Archive for July, 2006

MALUNGKOT DAW AKO

Monday, July 31st, 2006

people have been saying that lately I have been sounding down and depressed…

yun para ba daw crying naked and ashamed in the gutter kind of depressed.

Not really, its just the journey of life, its ups, its downs, and minsan yun mga patiwarik and pagulong-gulong. But its all good.

I love God

He loves me

….at sya din.

kaya ok naman ang lahat :)

ENGAGEMENT

Sunday, July 30th, 2006

there’s this pentel pen ring around my finger
it was drawn by the most beautiful person I know…in and out.

Maybe I won’t wash it for like…5 years,
hanggang totoo na.

A MINUTE

Sunday, July 30th, 2006

Could you have taken a minute before you uttered your words?

I never said I was perfect

I hardly say that I’m alright

Can’t you see that I try to do the best I can with what I have?

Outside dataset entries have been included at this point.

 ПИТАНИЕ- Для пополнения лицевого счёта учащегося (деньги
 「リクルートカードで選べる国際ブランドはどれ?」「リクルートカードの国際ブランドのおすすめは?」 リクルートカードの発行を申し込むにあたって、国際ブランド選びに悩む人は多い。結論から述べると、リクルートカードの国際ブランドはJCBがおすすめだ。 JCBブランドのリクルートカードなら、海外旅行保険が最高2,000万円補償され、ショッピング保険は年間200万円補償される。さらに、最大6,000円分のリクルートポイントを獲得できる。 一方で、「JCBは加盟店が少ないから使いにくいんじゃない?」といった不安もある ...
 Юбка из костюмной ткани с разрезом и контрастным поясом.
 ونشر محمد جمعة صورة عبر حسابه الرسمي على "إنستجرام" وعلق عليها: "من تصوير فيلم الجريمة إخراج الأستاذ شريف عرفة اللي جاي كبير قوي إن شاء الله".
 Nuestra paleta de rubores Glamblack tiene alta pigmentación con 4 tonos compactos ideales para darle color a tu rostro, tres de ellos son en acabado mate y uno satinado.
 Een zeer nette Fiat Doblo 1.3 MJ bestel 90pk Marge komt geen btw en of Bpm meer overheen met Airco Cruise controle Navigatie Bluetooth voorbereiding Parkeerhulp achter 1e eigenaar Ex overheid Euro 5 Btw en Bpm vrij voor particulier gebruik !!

I labor on and expect no payment

I strive to serve and desire no reward

I mess up, more than a few times

a simple "good job" would have been enough

but you hardly see any goodness in me

NEED YOUR HELP

Friday, July 28th, 2006

I know I trust you

and I know that the Lord is by your side and that you won’t give up the faith we have. I know that you need your time to enjoy life and walk on your own. I also know that you’re with good friends who won’t treat you bad, that your heart is safe and secure and that you are grounded and firm.

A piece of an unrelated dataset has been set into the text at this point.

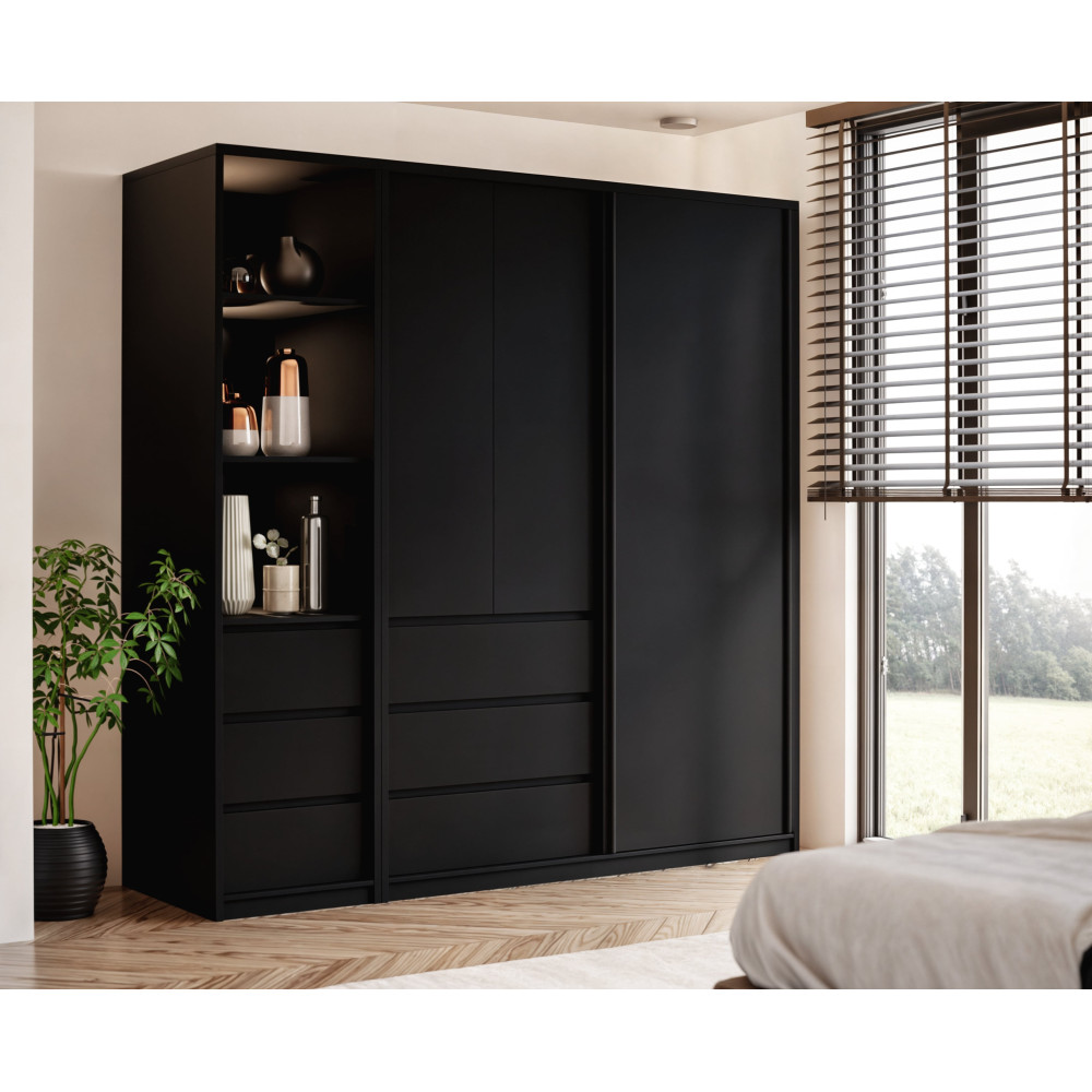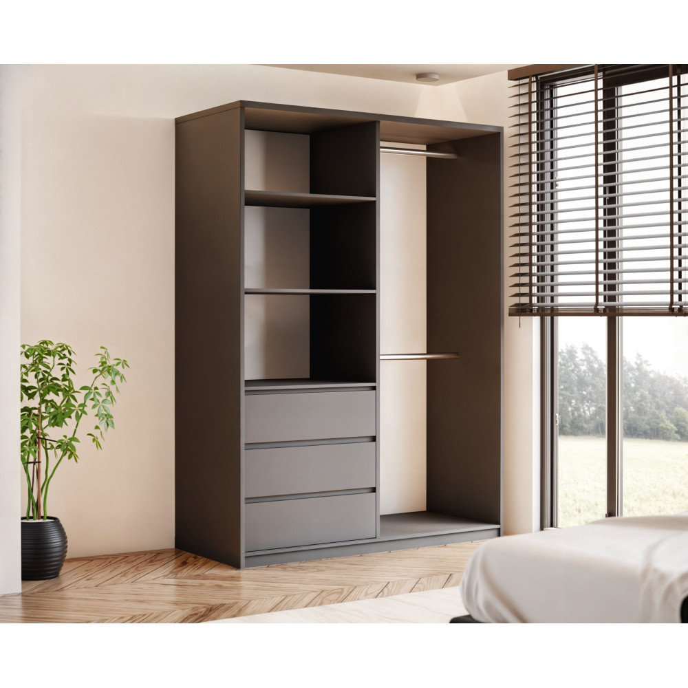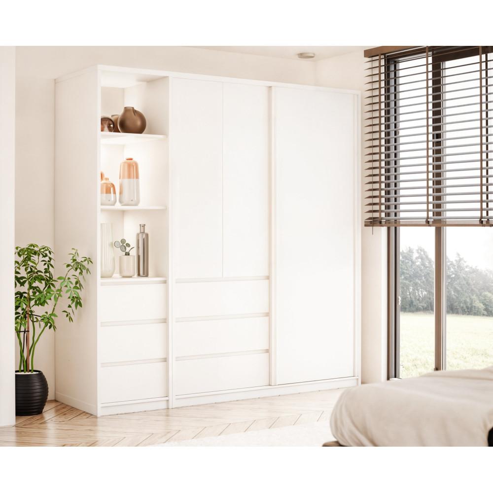 Szafa uchylno-przesuwna Pola to połączenie nowoczesnego designu i funkcjonalności, idealna do każdej przestrzeni, gdzie liczy się zarówno styl, jak i efektywne przechowywanie. Szafa wyposażona jest w trzy praktyczne szuflady, które zapewniają dodatkową przestrzeń do przechowywania drobnych przedmiotów.

I also know that I just worry too much.

how can I turn it off?

LUNCH

Thursday, July 27th, 2006

Lunch with you and your mom
is one of the most natural things
with pinangat and your burned-up crepe
nothing is simpler

WHAT THE CROSS IS

Wednesday, July 26th, 2006

You know what the Cross is?

It is a corner, where most fear to turn

it is where you go to die to have life

where you get lost to be found

and where you give love to be loved

the Cross is not a nametag you wear

nor is it a chain around your neck

…adorned with mumblings of prayers

the Cross is an identity

the Cross is who you are

I WANT TO SAY HOW IT FEELS

Monday, July 24th, 2006

I want to say how it feels
how its much more like acid in my mouth rather than a distant memory
how it more similar to the blade of a knife than to a tear
it like this you see
when I remember you
when I remember us
I remember that there is no us
and there is no you
there is only a void
a void with the weight of a hundred waves slammed together
much more like the weight of a kiss never had or forgotten

I go back to touching your hand
when now I can’t even have your voice
can’t even have the dream of seeing your face

ah your face
I cannot find a beauty
a goodness
that will have enough to say about it
its like a cloud on a warm day
the leaves of a sheltering tree
or the wind that passes through them

and then there is no you
there is no us
only the pain of a memory revisited
a locked door with no key
no hinge
only solid walls, lengthy and firm

you are that wall
keeping me away as one would a stray dog
dirty and forgotten

its like the stars on a clear evening
bright and existing
yet a universe away

like hair that passes through my fingers
soft and gentle
and then gone

that is how it feels
and more

SERENDIPITY

Monday, July 24th, 2006

…there is a purpose under Heaven that we cannot see, when we don’t, we become angry, depressed or even struck with bitterness. We reject what is present because of the pain of the past, and oftentimes, we fall into weakness and put outselves into things or people that is harmful, and sinful.Siguro, we should just let that invisible purpose simmer in us, pass through us and broil us, then as we emerge from the heat…masarap na kainin. Sana gets nyo.

ako medyo palang.

like this…

I had to lose you to find you

I had to hurt you to heal you

I had to be a fool to be wise

I had to feel the dirt to see the skies

SORRY

Sunday, July 23rd, 2006

I’ve asked for your forgiveness

repented for my hurts against you

but I still want to say…

I really am sorry

….I see the pain you still feel

… your silent anger echoes

…and the weight in your heart hinders you from loving

Im sorry

Im sorry

Im sorry

MAYBE ITS NOT WHAT I NEED

Sunday, July 23rd, 2006

Maybe I don’t need your strength,

maybe I just need to be with you in your weakness.